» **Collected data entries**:
********

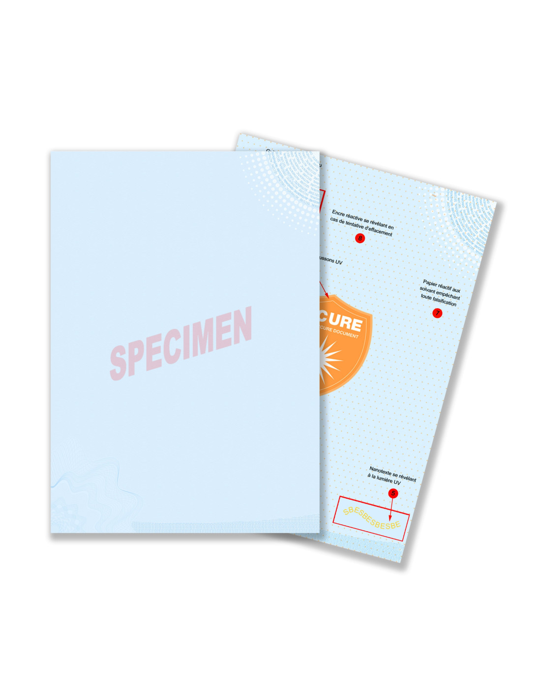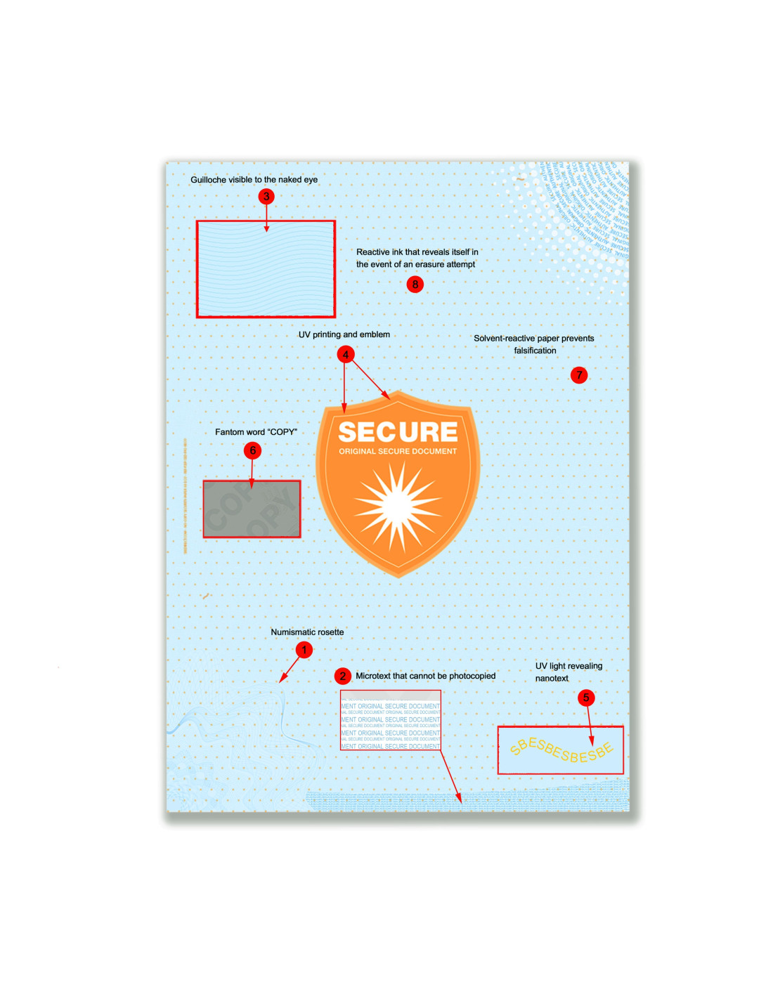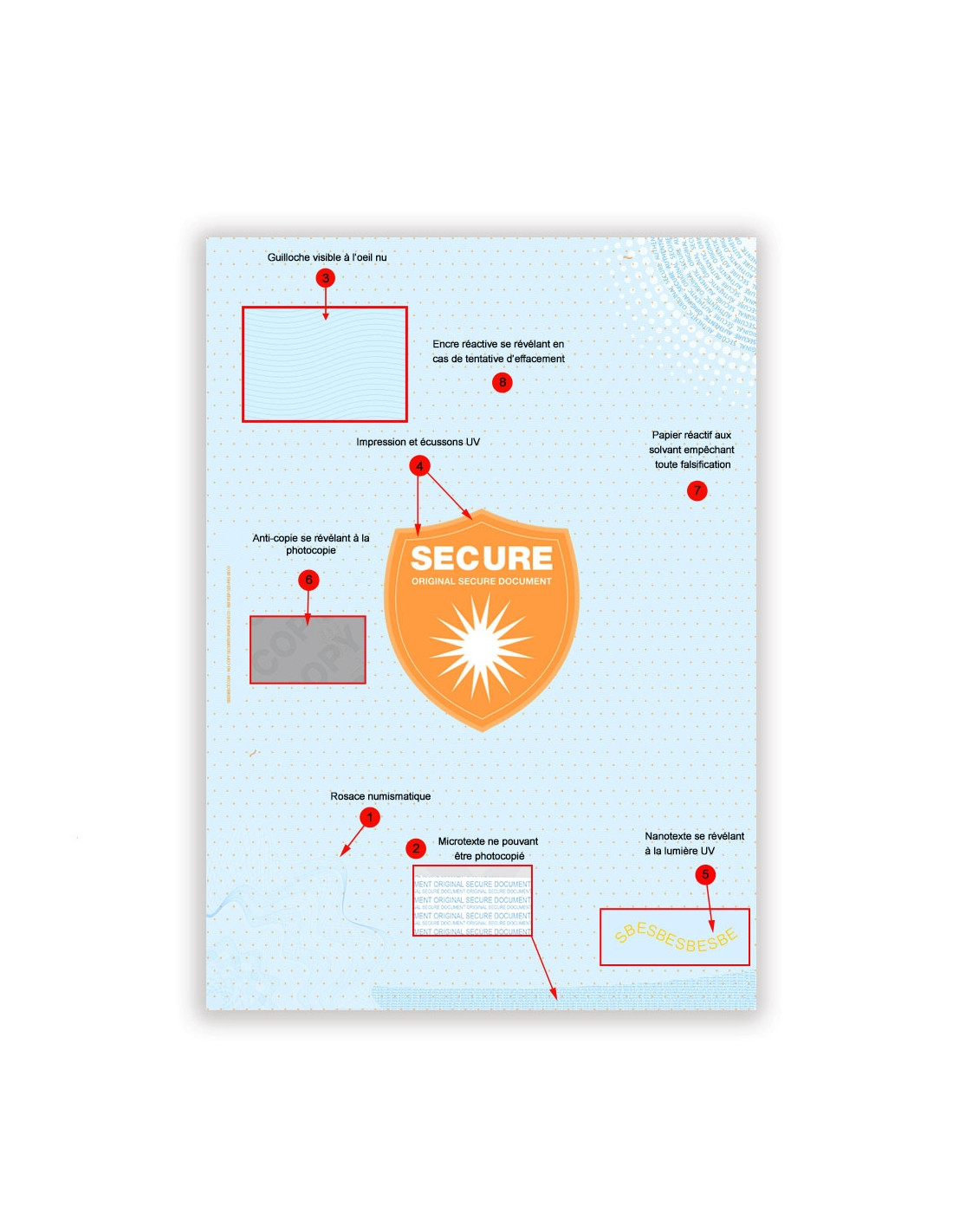 The degree of security of your document obviously differs according to the number of control points present on the chosen secure paper. In fact, the more control points a security paper has, the more effective it is against undue falsification by a third party. Here, the X8 security paper has 8 security points, guaranteeing a more than excellent document security.
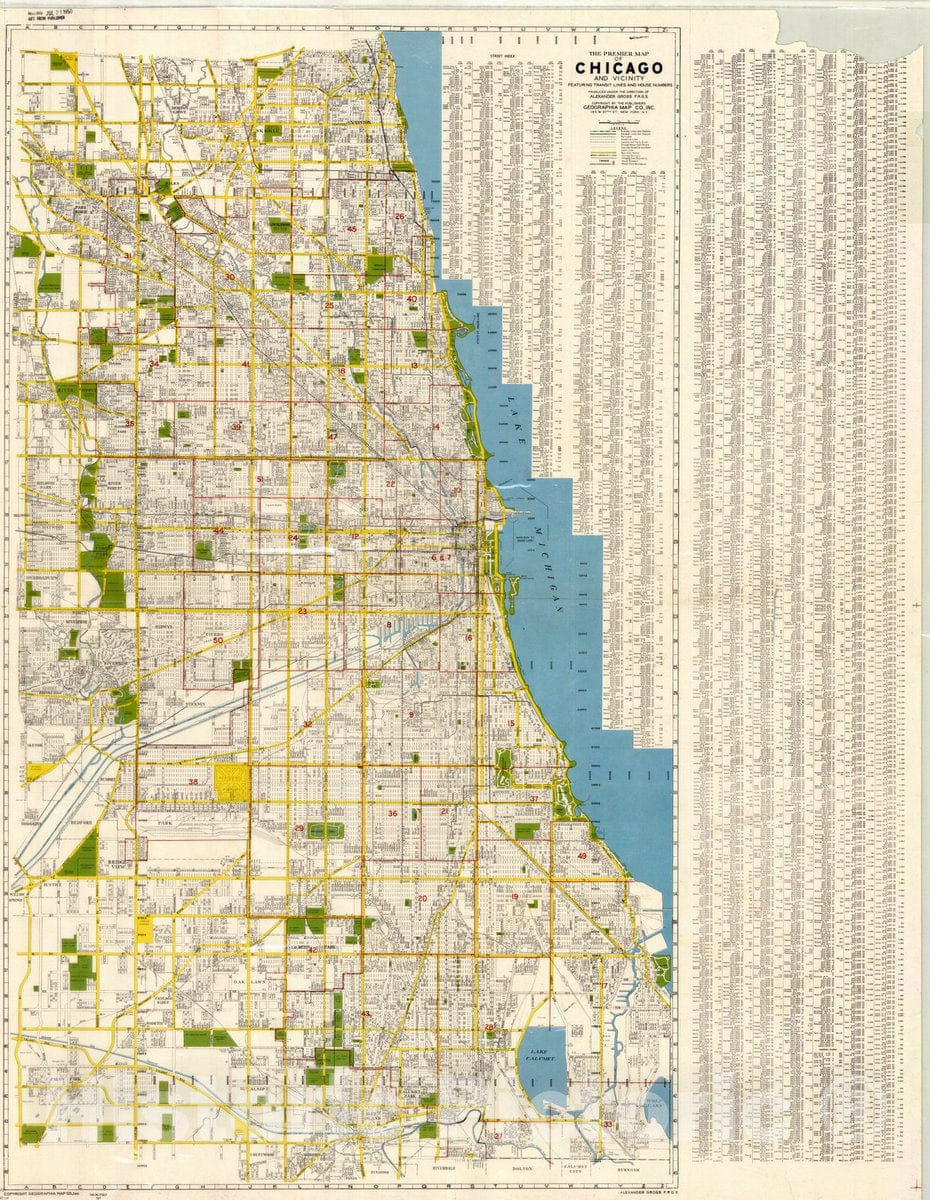 The Premier map of Chicago and vicinity : featuring transit lines and house numbers / Geographia Map Co., Inc., produced under the direction of Alexander Gross
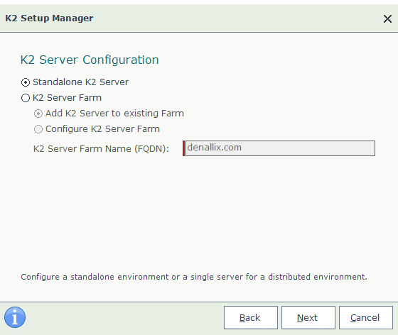 - If you are installing K2 Server in a distributed environment but there is only a single server playing the K2 Server Role, select Standalone K2 Server.
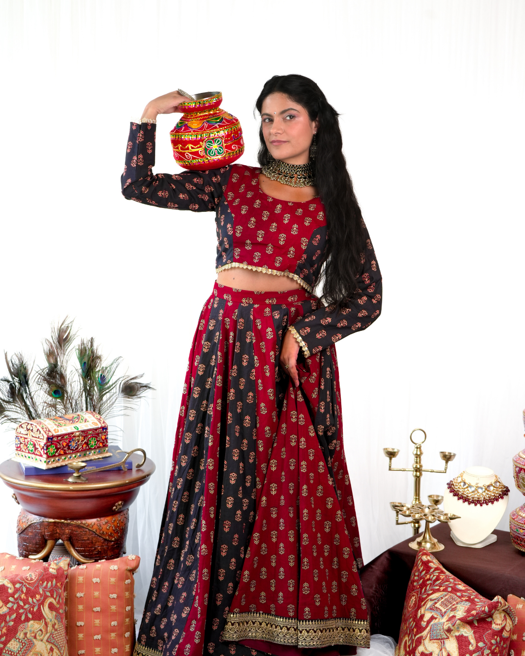 Our panelled Ranglo Set will have you living your #GujjuGirl fantasies. In a soft 100% cotton, this 11-mtr flair skirt is perfect for any Sangeet or Navratri.
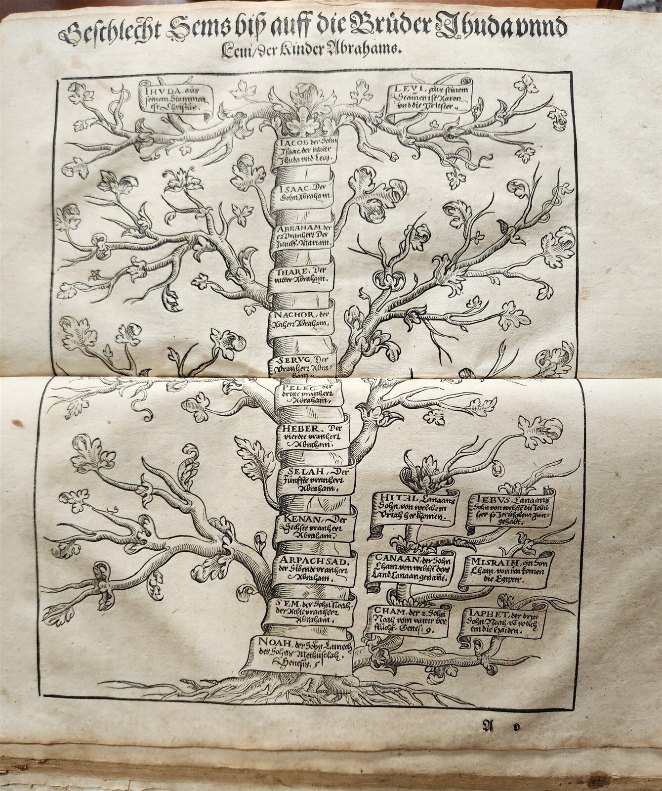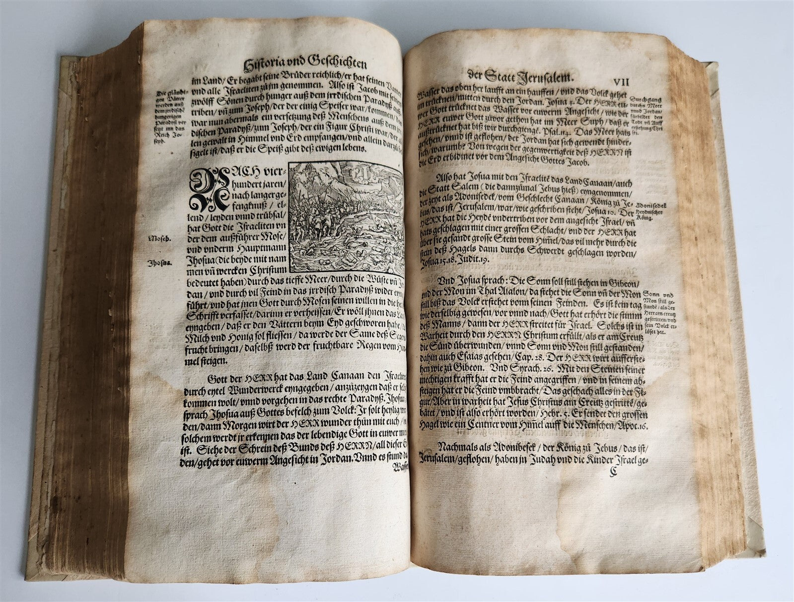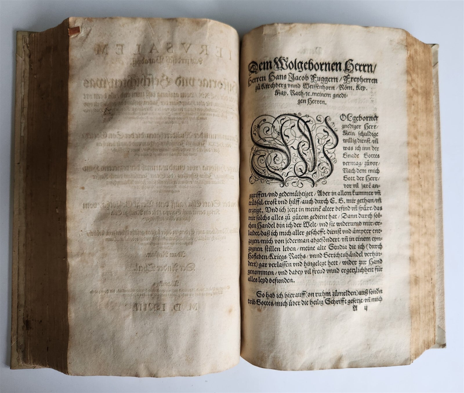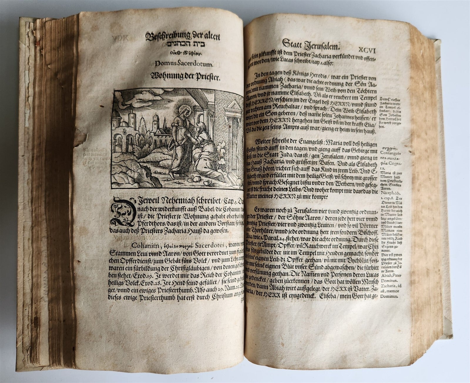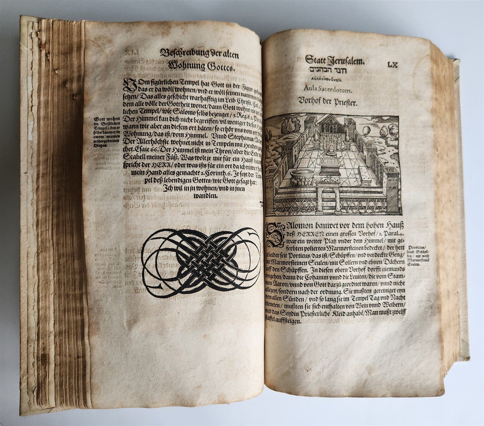 (Jerusalem, the ancient capital of the Jews)Frankfurt am Main: Gedruckt bey Georg Raben, Sigmund Feyrabend & Weygand Hanen Erben; 1563First edition, two parts in one volume; text in black letter; illustrated with 1 double-page woodcut plate and 2 double-page woodcut maps, plus numerous in text woodcuts; early ownership stamp of Joannes Haller dated 1568 appears on B5 recto (the stamp could easily be mistaken for a printed tailpiece or printer's device) likely the Swiss reformation theologian Johann Haller the Younger (1523-1575); with signatures of other Swiss reformers to title page including Felix Wyss (1596-1666); Paul Anton Wickart (1760-1832); and another owner who signed in 1773; bound in later half parchment; tabs on fore-edges throughoutSome dampstains and occasional foxingSmall folio. Size 7 1/4 by 12 1/4 inchesText in German===================Please see my other auctions Thank You

********

» **Your instructions**:
Output the data above exactly, excluding images.

» **Answer area**:
 The degree of security of your document obviously differs according to the number of control points present on the chosen secure paper. In fact, the more control points a security paper has, the more effective it is against undue falsification by a third party. Here, the X8 security paper has 8 security points, guaranteeing a more than excellent document security.
 The Premier map of Chicago and vicinity : featuring transit lines and house numbers / Geographia Map Co., Inc., produced under the direction of Alexander Gross
 - If you are installing K2 Server in a distributed environment but there is only a single server playing the K2 Server Role, select Standalone K2 Server.
 Our panelled Ranglo Set will have you living your #GujjuGirl fantasies. In a soft 100% cotton, this 11-mtr flair skirt is perfect for any Sangeet or Navratri.
 (Jerusalem, the ancient capital of the Jews)Frankfurt am Main: Gedruckt bey Georg Raben, Sigmund Feyrabend & Weygand Hanen Erben; 1563First edition, two parts in one volume; text in black letter; illustrated with 1 double-page woodcut plate and 2 double-page woodcut maps, plus numerous in text woodcuts; early ownership stamp of Joannes Haller dated 1568 appears on B5 recto (the stamp could easily be mistaken for a printed tailpiece or printer's device) likely the Swiss reformation theologian Johann Haller the Younger (1523-1575); with signatures of other Swiss reformers to title page including Felix Wyss (1596-1666); Paul Anton Wickart (1760-1832); and another owner who signed in 1773; bound in later half parchment; tabs on fore-edges throughoutSome dampstains and occasional foxingSmall folio. Size 7 1/4 by 12 1/4 inchesText in German===================Please see my other auctions Thank You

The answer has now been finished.